Atom-dimer scattering and stability of Bose and Fermi mixtures

Motivated by a recent experiment by the Ecole Normale Supérieure de Lyon (ENS) group on the mixture of Bose and Fermi superfluids [I. Ferrier-Barbut et al., Science 345, 1035 (2014)], we investigate the effective scattering between a bosonic atom and a molecule (dimer) of fermion atoms. It is found that the mean-field prediction of the atom-dimer scattering length $\left(a_{\mathrm{ad}}\right)$, as simply given by the boson-fermion scattering length $\left(a_{\mathrm{bf}}\right)$, generically fails. Instead, $a_{\mathrm{ad}}$ crucially depends on the ratio between $a_{\mathrm{bf}}$ and $a_{\mathrm{ff}}$ (the fermion-fermion scattering length), and in addition it log-periodically depends on the three-body parameter.
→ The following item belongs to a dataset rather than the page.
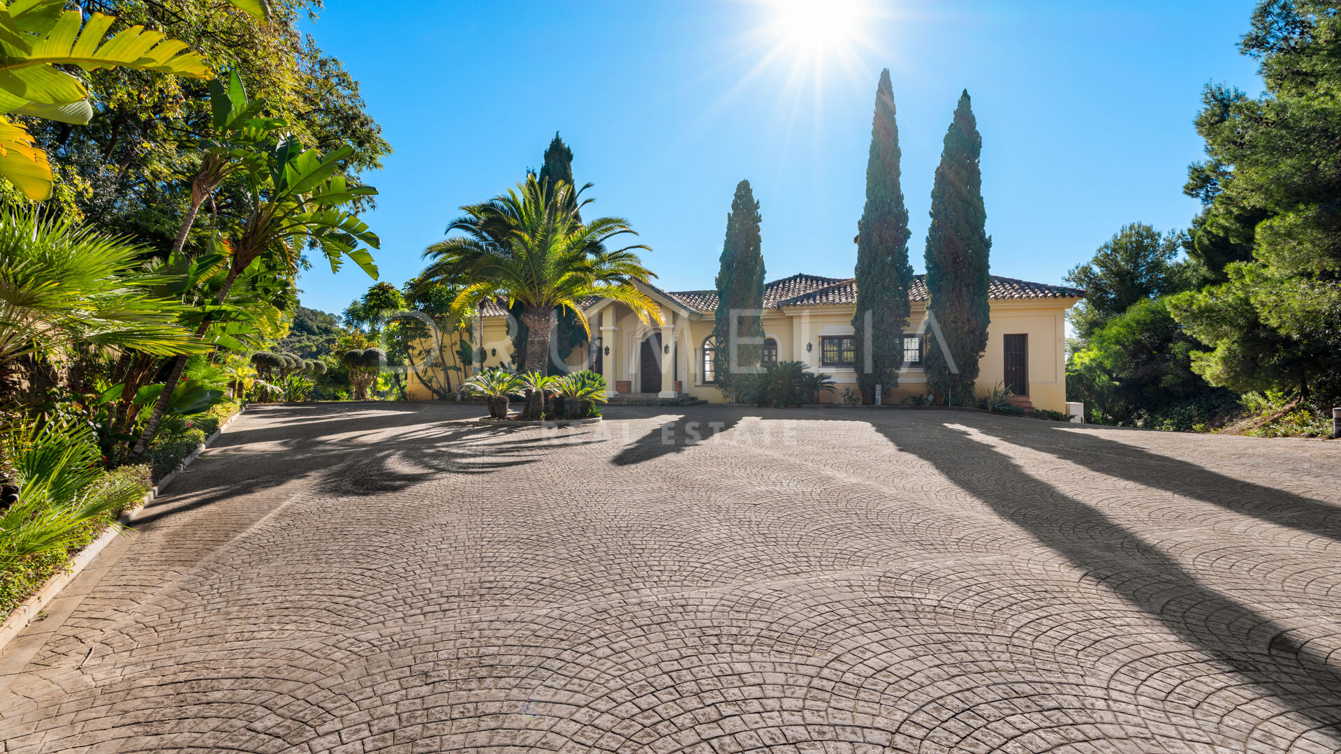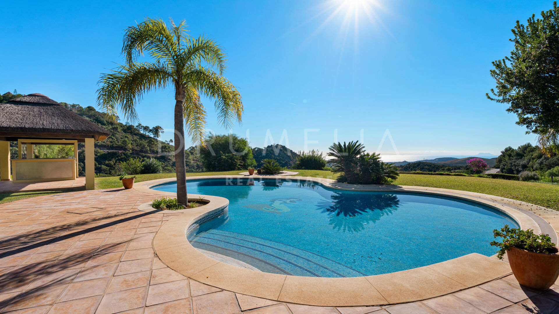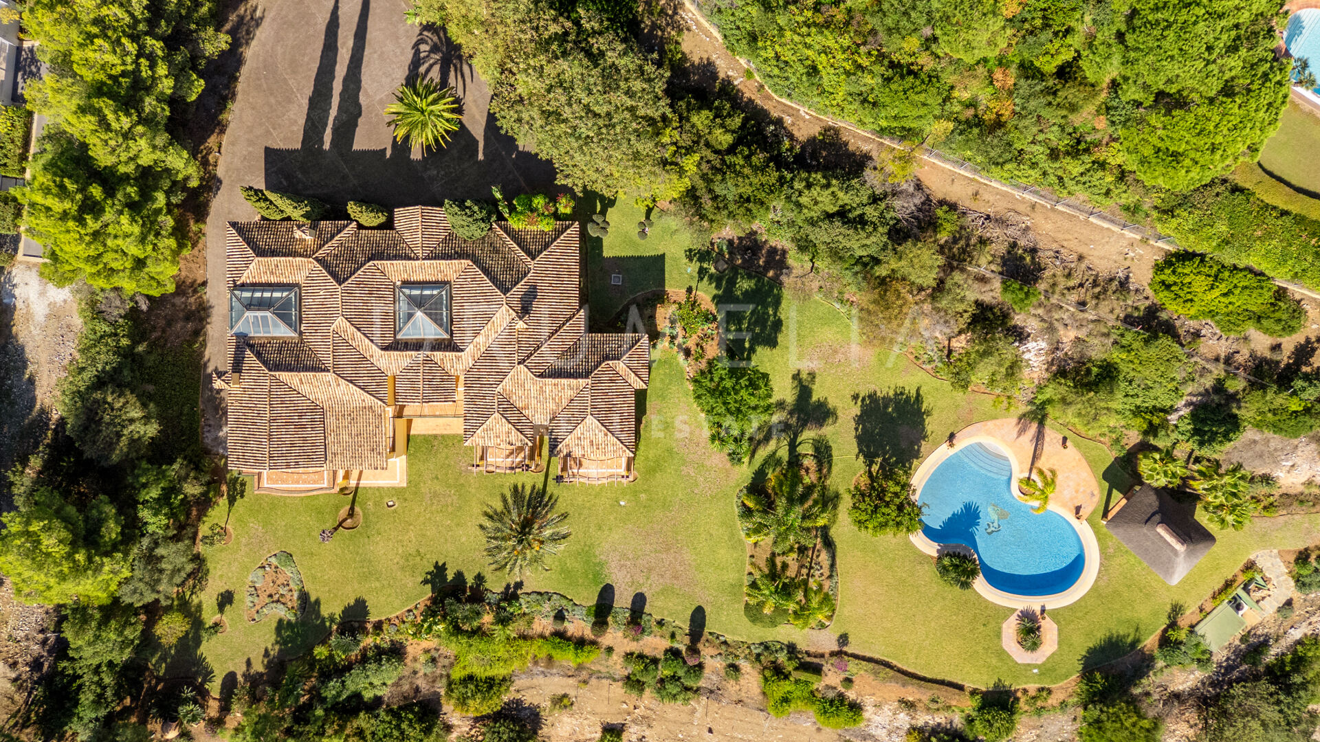 Участок площадью 6 173 м² включает зрелые сады, несколько крытых и открытых террас и частный бассейн с открытыми видами на горы и природный ландшафт La Zagaleta.

We identify the universal parameters in characterizing $a_{\mathrm{ad}}$ for a wide range of $a_{\mathrm{ff}}$ in the molecular side of the fermion-fermion Feshbach resonance, and further demonstrate that the atom-dimer many-body system can become unstable against either phase separation or collapse as tuning $a_{\mathrm{ff}}$. Our results have some implications for the ENS experiment.

Figure 1

Verification of universal formula for $a_{\mathrm{ad}}$ [in units of $a_{\mathrm{bf}}$, see Eq. (1)] at $x=a_{\mathrm{bf}}/a_{\mathrm{ff}}=2$. The square points show numerical results by solving Eqs. (6) and (7) for different momentum cutoffs ${\kappa }^{*}$. The green curve is the fit to Eq. (1) with $s_0=1.00624,C_1=0.29,C_2=0.41,\Phi =-0.34\pi$. The fit gets more accurate for larger ${\kappa }^{*}{a}_{\mathrm{bf}}$.

Figure 2

Universal parameters $C_1,C_2$ (upper panel), and $\Phi$ (lower panel) as functions of $x$. In (a1) and (b1), $x<0$; in (a2) and (b2), $x>1$.

Figure 3

$a_{\mathrm{ad}}$ in the unitary limit of $a_{\mathrm{bf}}$. The length unit here is $a_{\mathrm{ff}}$. (a) $a_{\mathrm{ad}}$ as changing $a_{\mathrm{bf}}$ to $+\infty$ (black square) or $-\infty$ (red circle) for fixed ${\kappa }^{*}{a}_{\mathrm{ff}}=100$. The dashed horizontal line denotes the universal value $a_{\mathrm{ad}}/a_{\mathrm{ff}}=-0.513$ at unitarity $\left(|a_{\mathrm{bf}}|=\infty \right)$. (b) $a_{\mathrm{ad}}$ as a function of ${\kappa }^{*}$ at $|a_{\mathrm{bf}}|=\infty$. The green curve is the fit to Eq. (8).

Figure 4

Resonance of $a_{\mathrm{ad}}$ by tuning $x$. (a) $a_{\mathrm{ad}}/a_{\mathrm{bf}}$ as functions of $x$ for fixed ${\kappa }^{*}{a}_{\mathrm{bf}}=100$. The resonance position is $x=2.7$. (b) Resonance width $W$ for positive (black line) and negative (red line) resonance position $x$.

Figure 5

Many-body phase diagram of atom-dimer system for negative(a) and positive(b) $a_{\mathrm{bf}}$ and with a fixed ${\kappa }^{*}\left|a_{\mathrm{bf}}\right|=100$. Three phases are shown: homogenous mixture (MIX), phase separation (PS), and collapse phase (CL). Black solid lines denote the phase boundaries between MIX and PS/CL. Gray vertical lines mark the atom-dimer resonances at $x=-1.21\left(a\right),2.7\left(b\right)$, which also serve as PS-CL phase boundaries. Red dashed lines shows phase boundaries based on the mean-field prediction of $a_{\mathrm{ad}}$; above the boundary is MIX phase and below is CL (a) or PS (b) phase.